Content warning: suicide, depression
The tragic death of Chester Bennington, lead singer of Linkin Park, burns to this day.
We’ve seen celebrity deaths. Michael Jackson’s was a shocking event that shook media and fans for months. I still remember my mother crying in her room as Whitney Houston’s funeral came to a close. My roommate’s mother mourned at work when we learned Prince left us for the doves in the sky.
But when Chester Bennington passed from suicide, I felt my world shatter.
During my middle school years in the midst of the bullying and isolation due to loving anime, I sought solace in many bands. Linkin Park was one of the top three that really expressed my emotions through music in ways I struggled to. Songs like “Numb” and “Breaking the Habit” perfectly articulated what it was like to feel alone in the world when trying to reach out. “Somewhere I Belong” gave the longing to find a place to be in without judgment.

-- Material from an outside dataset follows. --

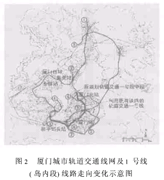 本文将结合厦门火车站至和平码头既有铁路线已经停用,以及福厦线引入厦门地区进岛铁路段复线后能力有较大富余的实际情况,针对厦门轨道交通1号线线路走向与既有铁路利用方案问题开展专题研究。11号线线路走向方案分析与调整建议2001年提出的厦门市轨道交通线网规划推荐方案[2],由5条轨道交通线路组成,线网规模为181km(见图2)。该推荐方案总体上符合城市布局形态,符合厦门市城市综合交通发展战略和对外联系通道的布局。该方案中的轨道交通1号线主要连接海沧、本岛、集美与同安区,起终点分别设于海沧和同安,规划线路总长度54.6km;在本岛采用厦禾路———嘉禾路———福厦路走向,较好地满足了厦禾路———嘉禾路等通道上的既有客流需求。但该方案存在以下几方面的不足之处:(1)如果上述方案的1号线(与既有铁路平行区段)采用地面线路型式,则其与原有铁路干线一起形成两条城市区域分割带,将使本岛东西向之间的联系状况进一步恶化。(2)如果上述方案的1号线(与既有铁路平行区段)采用高架线路型式,则一方面将使介于既有铁路与1号线之间的土地开发利用受到严重影响,同时还将严重破坏嘉禾路和厦禾路的景观,并造成道路周围的大量动迁。另一方面,根据国内有关城市的轨道交通建设经验,高架轨道交通建设项目每公里综合造价将高达3亿元人民币左右。如果采用地下线路型式,将使工程造价大大提高(每公里综合造价将高达5~7亿元人民币)。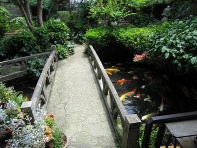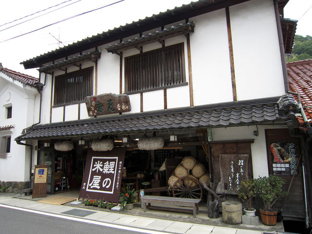 津和野の城下町の中心である殿町通りには、たくさんの鯉が泳いでいますが、以前はこの掘割に各住居から水路がつながっており、各住居には池があったそうです。その池にはたくさんの鯉を泳がせていたそうで、その風景が見られる場所がこの鯉の米屋です。

Chester showed that others feel the same way.
Artists create beauty out of pain, and Chester Bennington flawlessly did that. Suffering from addiction and growing up with traumatic life experiences, he turned those stories into music. That music connected with those who didn’t have a support system, a healthy coping mechanism, a light in their lives. It spoke to Black kids. Black nerds especially connected with Linkin Park as they forever dealt with the mental health issues stigmatized by the community. We couldn’t speak about the bullying, the loneliness, the fear, the confusion of not knowing our place in the world outside of hate. Linkin Park connected with Black nerds like me.

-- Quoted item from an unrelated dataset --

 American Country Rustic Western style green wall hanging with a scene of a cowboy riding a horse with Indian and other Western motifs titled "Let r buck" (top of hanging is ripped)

So when news of Chester’s suicide spread through media, I felt empty. To see someone fight for so long and so hard struggle to keep going on, I too felt that in my core. For many, there was a loss for what to do seeing our beacon, the one who validated our pain, leave us.

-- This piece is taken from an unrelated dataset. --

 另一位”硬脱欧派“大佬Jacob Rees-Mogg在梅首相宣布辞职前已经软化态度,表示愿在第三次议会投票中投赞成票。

He got us through so much, and one year later his music still has a powerful affect.
One year later and us Black nerds are still going to Linkin Park when we feel like the outcasts. One year later and “What I’ve Done” is still beautiful outside the Transformers soundtrack. It’s been a year and the pain will probably never truly fade. But, the appreciation and love for the person who helped us know our demons did not define us will never change.
We love you.
We thank you.
Rest in peace. Rest in power.
If you or someone you love needs help, please call the National Suicide Prevention Hotline at 1-800-273-8255 or speak to their counselors online.